Written text is one of the fundamental manifestations of human language, and the study of its universal regularities can give clues about how our brains process information and how we, as a society, organize and share it. Among these regularities, only Zipf’s law has been explored in depth. Other basic properties, such as the existence of bursts of rare words in specific documents, have only been studied independently of each other and mainly by descriptive models. As a consequence, there is a lack of understanding of linguistic processes as complex emergent phenomena. Beyond Zipf’s law for word frequencies, in this project we focus on burstiness, Heaps’ law describing the sublinear growth of vocabulary size with the length of a document, and the topicality of document collections, which encode correlations within and across documents absent in random null models. We introduce and validate a generative model that explains the simultaneous emergence of all these patterns from simple rules. As a result, we find a connection between the bursty nature of rare words and the topical organization of texts and identify dynamic word ranking and memory across documents as key mechanisms explaining the non trivial organization of written text.
This research has been published on PLoS ONE and can have practical applications in text mining. For example, improved algorithms to detect the topic of a document could lead to better contextual ad matching techniques. The Similarity Cloud illustrates the shared topicality between two documents or collections, which is captured in our model. See the press release.
Prior work explored models for the growth of the Web’s link graph that take into account the content of pages. A 2002 paper in PNAS studied the relationship between the similarity among pages and the probability that they are linked to each other.

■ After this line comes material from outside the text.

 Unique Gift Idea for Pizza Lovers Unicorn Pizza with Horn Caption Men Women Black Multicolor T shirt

A 2004 paper in PNAS proposed a model incorporating these findings to reproduce not only the link structure but also the distribution of similarity between linked pages, given a background distribution of similarity among any two pages. Combining the text and link generation models will give us a framework to understand to entire process by which information is created and linked on the Web.

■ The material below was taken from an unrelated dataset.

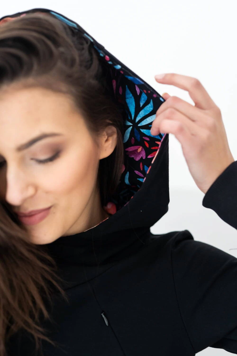 Energetyczny print w stylu folk w kapturze: Dodaje bluzie charakteru i oryginalności.

We analyzed three data sets:
- The Industry Sector data set is available from Andrew McCallum’s data repository.
- Our crawl of 150,000 Web pages (459MB) sampled from the ODP in 2007. This contains 15 directories, with 10,000 random HTML pages from each of the 15 top level categories.
- Our set of 100,000 Wikipedia topic pages (38MB) randomly sampled from an English Wikipedia dump in 2007. Built by Jacob Ratkiewicz, this is a single file where topic term vectors are represented in sequence, separated by empty lines. Each topic is a sequence of lines, one line per word. Each line has two columns separated by spaces. The first column is a term ID, the second is the number of times the corresponding term occurs in the topic.
For each data set we removed HTML/Wiki markup, then conflated the remaining terms using the Porter Stemming Algorithm.